Whether body modification needs licensing and training is another argument – McCarthy is not a surgeon, and there probably should be some rules around who is qualified to carry out these sort of procedures. That there aren’t is hardly his fault, though, and by all accounts, he carried out his work with skill and in a hygienic way. No one needed further medical treatment as a result.

The real question should be why the powers that be should have any say in what we do to our own bodies. Personal autonomy should be the most basic of human rights, and consenting adults should be able to make their own decisions, no matter how weird everyone else thinks it is. If McCarthy can be convicted for his work, why not someone who carries out extreme piercing, or someone who does a full-face tattoo for a customer? Where is the line of ‘harm’ to be drawn?

McCarthy is due to be sentenced on March 21st, and could face imprisonment. This should outrage anyone who has ever chosen to change the way they look.

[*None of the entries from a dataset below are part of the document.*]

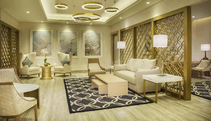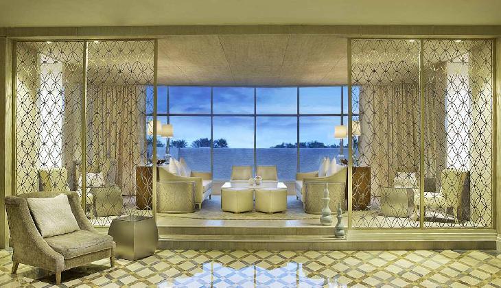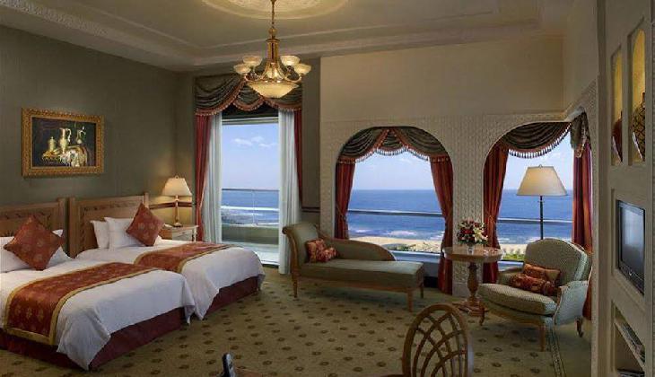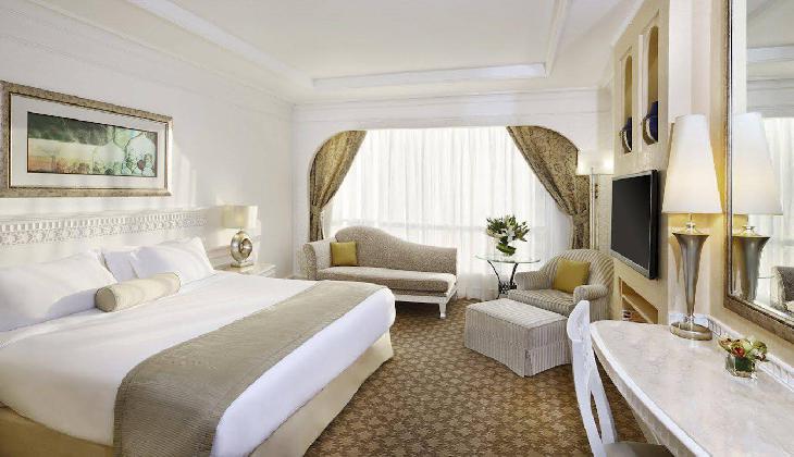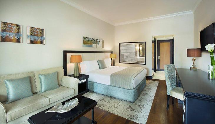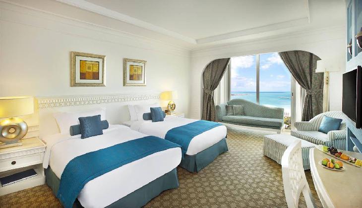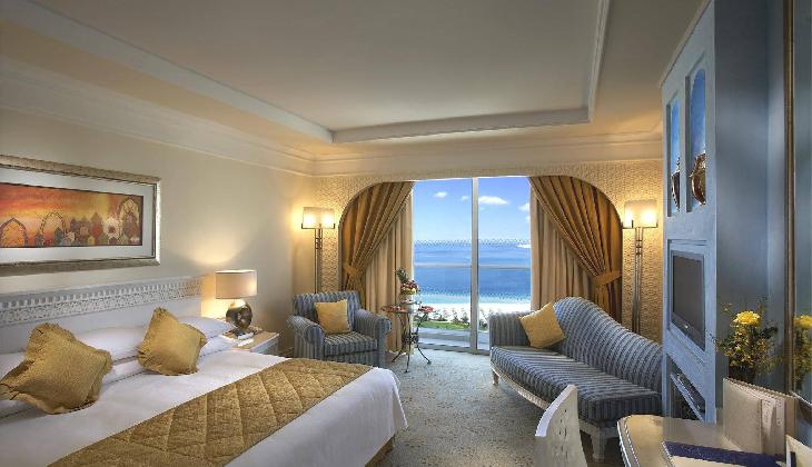 * Habtoor Grand Beach Resort & Spa features 442 climate-controlled guestrooms, all of which include elegant, light decor with Arabian touches and soft, fabric-covered furnishings including sofas.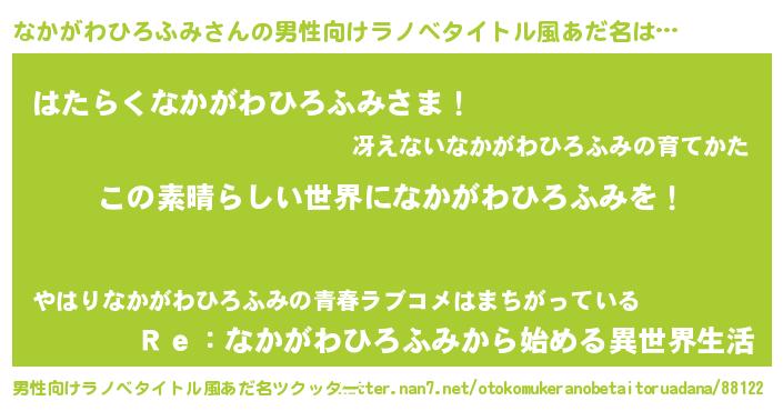 | ヒーロー風カッコイイあだ名 | 『仮面ナカダー』『ネオナカガワヒロフミ』 |
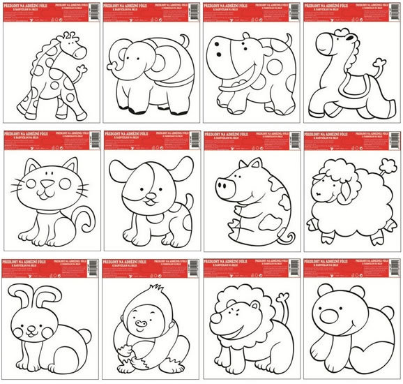 Předlohy na malování na sklo s vyvýšenou konturou - zvířátka - 1 kus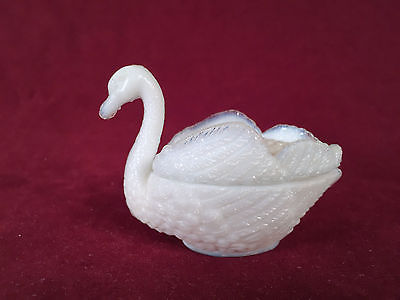 German Von Streit Milk Glass 2 1/2 Inch Swan Covered Dish Could be Covered Salt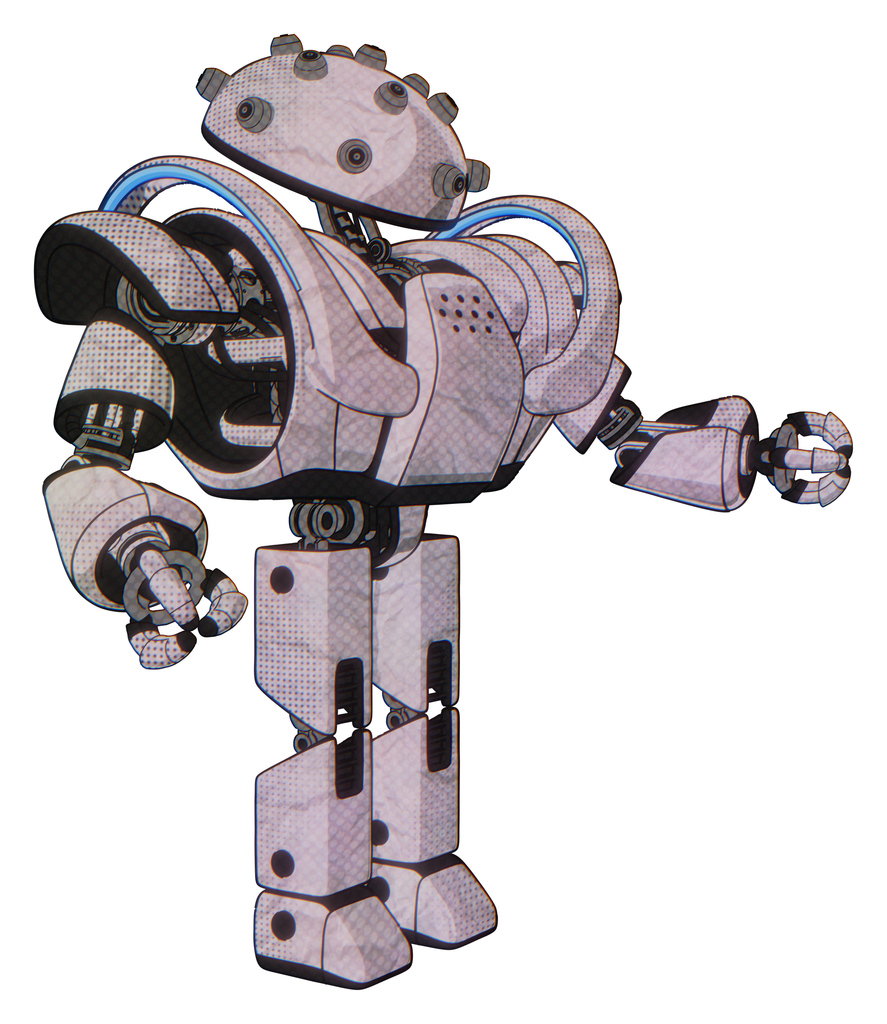 Robot containing plughead dome design and heavy upper chest and heavy mech chest and battle mech chest and prototype exoplate legs. Sketch pad dots pattern. Interacting.

UPDATE: McCarthy has been jailed for a staggering three years and four months, a longer sentence than many a person committing a violent assault on a stranger receives. Judge Amjad Nawaz stated that there was a “clear public interest” in imprisoning him, though quite what that is I don’t know. He also made it clear that the sentence was designed to serve as a deterrent to anyone else who might be foolish enough to believe that people should be free to do with their bodies what they wish.